GIVEN INFORMATION:
______
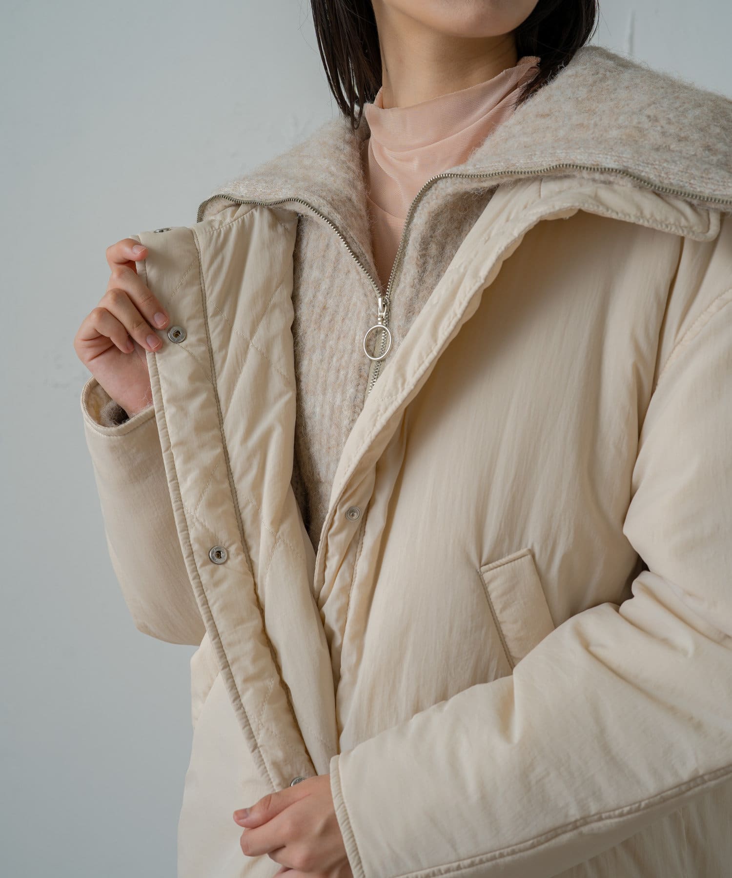 ハーフジップで首もとを上まで閉めたり出来て暖かく着用できます。
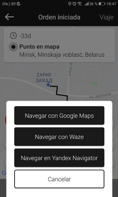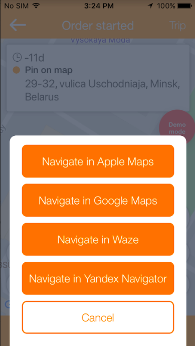 The app remembers the initial choice of the Navigator, a driver selects for his first order and sets it as default.
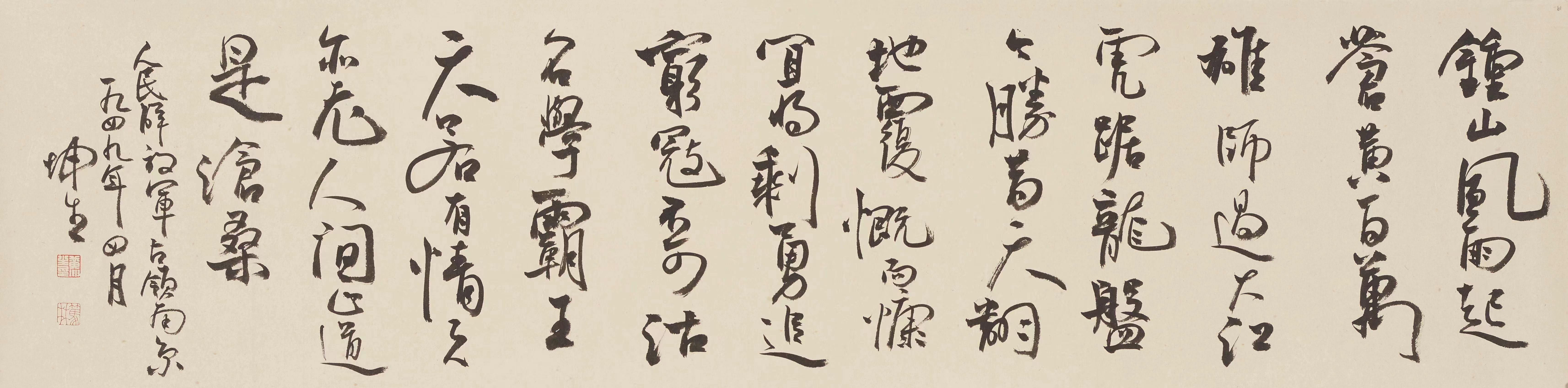 我對他的創作轉向充滿了敬佩。一位藝術家的成熟,不僅僅要看到書法的表現才華,還要看是否有越來越豐滿的書法表達。很多新生代的書法家在展覽中“曇花一現”,就是停滯于才華,依扙著展覽中獲獎,停滯于獲獎的樣式,沒有拓展自己的書法表達。黃坤生不是一個自我陶醉,滿足于原有創作成就的書法家。他清醒的自我反思,自我突破,貫穿他書法創作的重要線索。我隱約感知到他對過往創作并不滿意,幾乎不提早期的創作,由此感知到他對過往創作反思的深刻。他現在的大草巨制《沁園春?雪》、《李商隱詩》固然向我們傳遞了自我嬗變、自我涅槃的陣痛信息。歷時十余年錘煉與經典的辨析,近作《水仙花》、《夏日懷友》、《李白詩》等大草作品,體現了書法家在“大草技術”和“大草寫意”建構的朝向。他用堅實的技術通向寫意草書的精神,可以肯定他卓越的努力很有價值。盡管,對他作品的評價目前尚有分歧,在探索過程也存在多向性,甚至在“技術與風格”層面上與目前主流的朝向并不一致,但這些分歧不僅絲毫無損于作品本身的藝術光芒,而且恰恰是對其作品藝術價值的一種重視。因為,在這個時代,令人無話可說書法作品實在是太多了。在這個意義上,黃坤生在創作上默默的拓展,在行書與大草上的探索是值得特別的重視。黃坤生如何在原有的書寫經驗上,大膽的轉向,并且將自己的創作與審美理念一同更新,雅化了大草的精神,深化了表達的內蘊。隨著大草技術的融通,他把控大草節奏的能力也得到了淋漓盡致的展現,呈現出了動人的藝術力量。
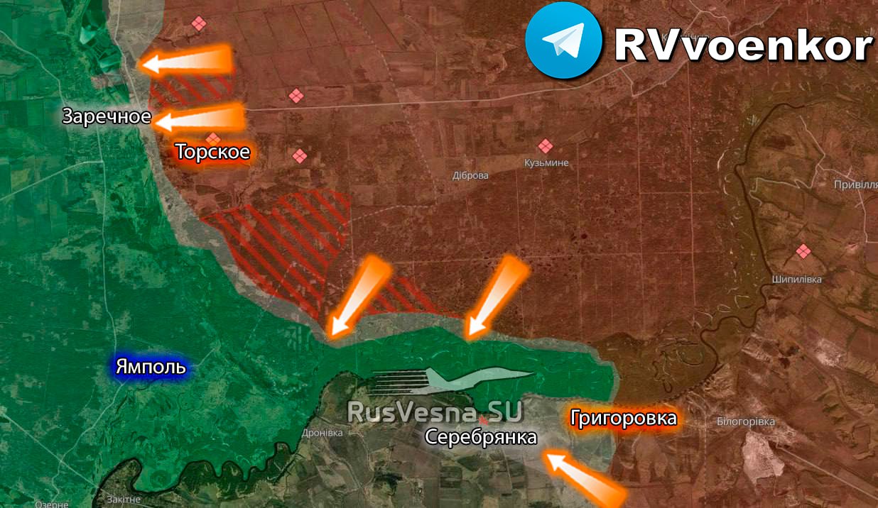 В настоящее время российские войска стремятся полностью вытеснить ВСУ из Серебрянского лесничества и завершить многолетнюю историю боёв за него. Армия России оказывает давление в направлении Ямполя и уже фиксировалась в районе дороги Ямполь-Заречное. В самом Заречном ситуация также складывается неблагоприятно для ВСУ, так как русские постепенно затягиваются в населённый пункт мимо позиций, и выбивать их оттуда становится всё труднее».
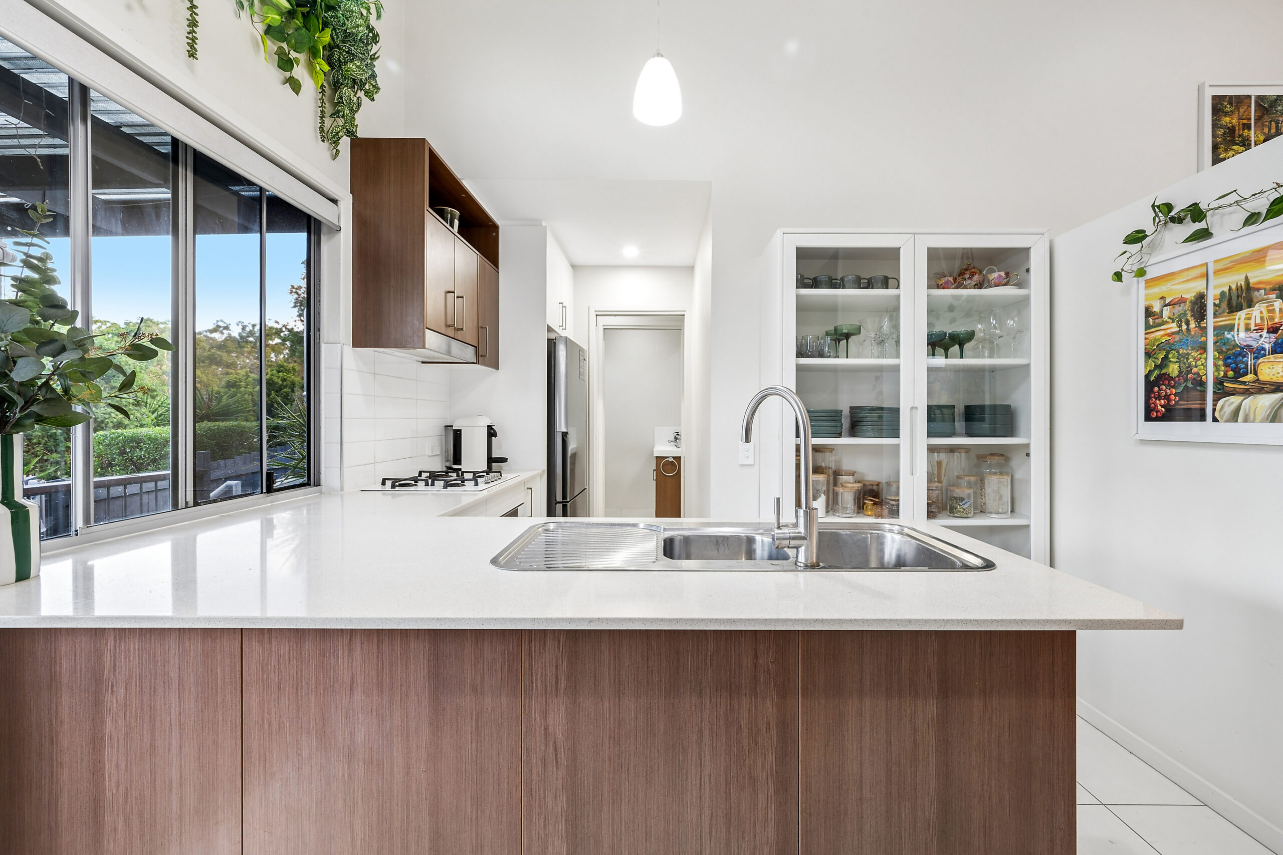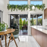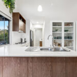The kitchen is centrally located and well-appointed with stone benchtops, quality appliances and ample storage, overlooking the dining and living zones to create a functional and connected living environment.
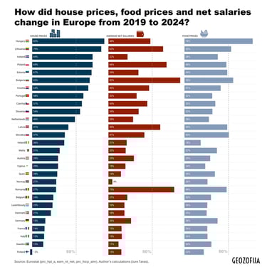 This analysis compares how much housing and food prices have increased relative to the growth of average net salaries over a five-year period, from the pre-pandemic year of 2019 to 2024. Housing and food represent basic living necessities, yet in recent years, rising prices in these categories have not been matched by comparable growth in average salaries.
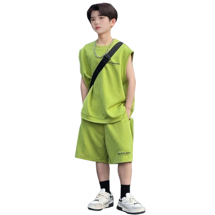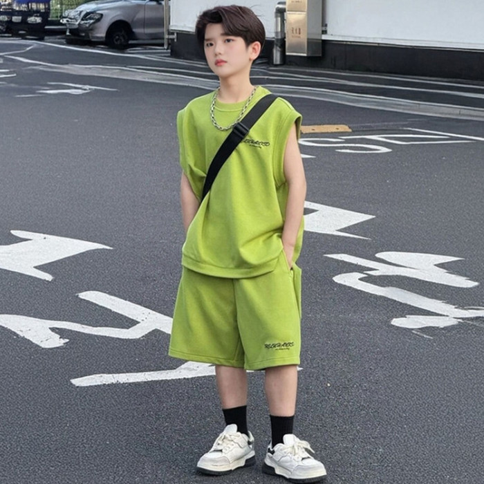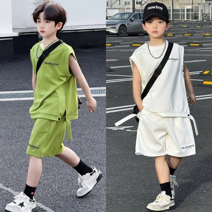 男童套裝夏裝2025新款男中大童夏裝韓版T恤短褲無袖潮帥氣兩件套
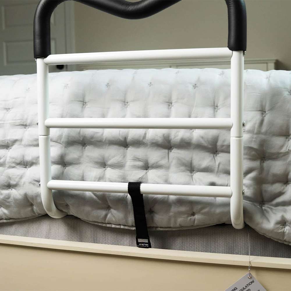 Седнете, легнете и станете безбедно од креветот со помошниот држач за кревет. Заштитната шина помага да се намали ризикот од паѓање додека седнувате и станувате од креветот, помага при менување на положбата од седење во легнување и може да помогне да дојде до паѓањето од креветот додека спиете. Универзалната конструкција и дизајн одговараат на сите типови на кревети и душеци. Помошните држачи за креветите се дизајнирани да им помогнат на поединците да останат безбедни во креветот, а исто така да им помогнат да седат, маневрираат и стануваат од кревет на безбеден начин. Без разлика дали се користи како ограда за кревет за постари лица или други поединци на кои им е предизвик да станат од кревет поради повреда или операција.
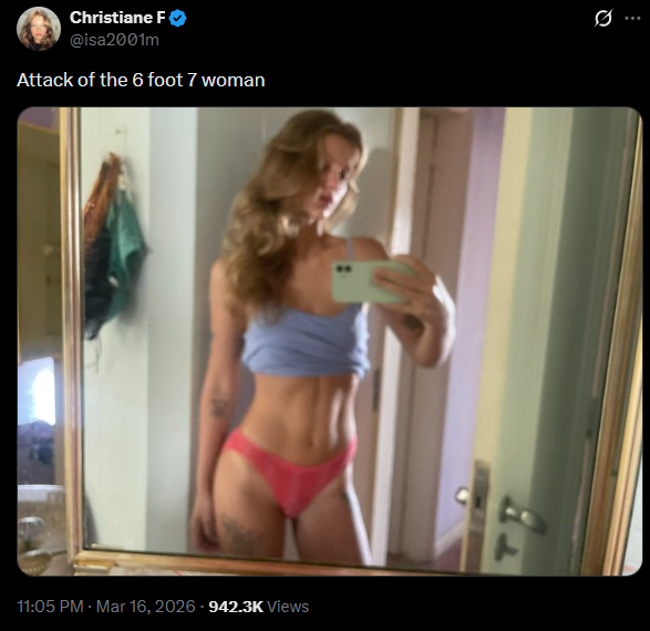 >>42979803You know she's actually like 6'2 and wearing heels right?
______
Write out the data precisely as given, excluding the pictures.

RESULT FOR THIS EXERCISE:
 ハーフジップで首もとを上まで閉めたり出来て暖かく着用できます。
 The app remembers the initial choice of the Navigator, a driver selects for his first order and sets it as default.
 我對他的創作轉向充滿了敬佩。一位藝術家的成熟,不僅僅要看到書法的表現才華,還要看是否有越來越豐滿的書法表達。很多新生代的書法家在展覽中“曇花一現”,就是停滯于才華,依扙著展覽中獲獎,停滯于獲獎的樣式,沒有拓展自己的書法表達。黃坤生不是一個自我陶醉,滿足于原有創作成就的書法家。他清醒的自我反思,自我突破,貫穿他書法創作的重要線索。我隱約感知到他對過往創作并不滿意,幾乎不提早期的創作,由此感知到他對過往創作反思的深刻。他現在的大草巨制《沁園春?雪》、《李商隱詩》固然向我們傳遞了自我嬗變、自我涅槃的陣痛信息。歷時十余年錘煉與經典的辨析,近作《水仙花》、《夏日懷友》、《李白詩》等大草作品,體現了書法家在“大草技術”和“大草寫意”建構的朝向。他用堅實的技術通向寫意草書的精神,可以肯定他卓越的努力很有價值。盡管,對他作品的評價目前尚有分歧,在探索過程也存在多向性,甚至在“技術與風格”層面上與目前主流的朝向并不一致,但這些分歧不僅絲毫無損于作品本身的藝術光芒,而且恰恰是對其作品藝術價值的一種重視。因為,在這個時代,令人無話可說書法作品實在是太多了。在這個意義上,黃坤生在創作上默默的拓展,在行書與大草上的探索是值得特別的重視。黃坤生如何在原有的書寫經驗上,大膽的轉向,并且將自己的創作與審美理念一同更新,雅化了大草的精神,深化了表達的內蘊。隨著大草技術的融通,他把控大草節奏的能力也得到了淋漓盡致的展現,呈現出了動人的藝術力量。
 В настоящее время российские войска стремятся полностью вытеснить ВСУ из Серебрянского лесничества и завершить многолетнюю историю боёв за него. Армия России оказывает давление в направлении Ямполя и уже фиксировалась в районе дороги Ямполь-Заречное. В самом Заречном ситуация также складывается неблагоприятно для ВСУ, так как русские постепенно затягиваются в населённый пункт мимо позиций, и выбивать их оттуда становится всё труднее».
The kitchen is centrally located and well-appointed with stone benchtops, quality appliances and ample storage, overlooking the dining and living zones to create a functional and connected living environment.
 This analysis compares how much housing and food prices have increased relative to the growth of average net salaries over a five-year period, from the pre-pandemic year of 2019 to 2024. Housing and food represent basic living necessities, yet in recent years, rising prices in these categories have not been matched by comparable growth in average salaries.
 男童套裝夏裝2025新款男中大童夏裝韓版T恤短褲無袖潮帥氣兩件套
 Седнете, легнете и станете безбедно од креветот со помошниот држач за кревет. Заштитната шина помага да се намали ризикот од паѓање додека седнувате и станувате од креветот, помага при менување на положбата од седење во легнување и може да помогне да дојде до паѓањето од креветот додека спиете. Универзалната конструкција и дизајн одговараат на сите типови на кревети и душеци. Помошните држачи за креветите се дизајнирани да им помогнат на поединците да останат безбедни во креветот, а исто така да им помогнат да седат, маневрираат и стануваат од кревет на безбеден начин. Без разлика дали се користи како ограда за кревет за постари лица или други поединци на кои им е предизвик да станат од кревет поради повреда или операција.
 >>42979803You know she's actually like 6'2 and wearing heels right?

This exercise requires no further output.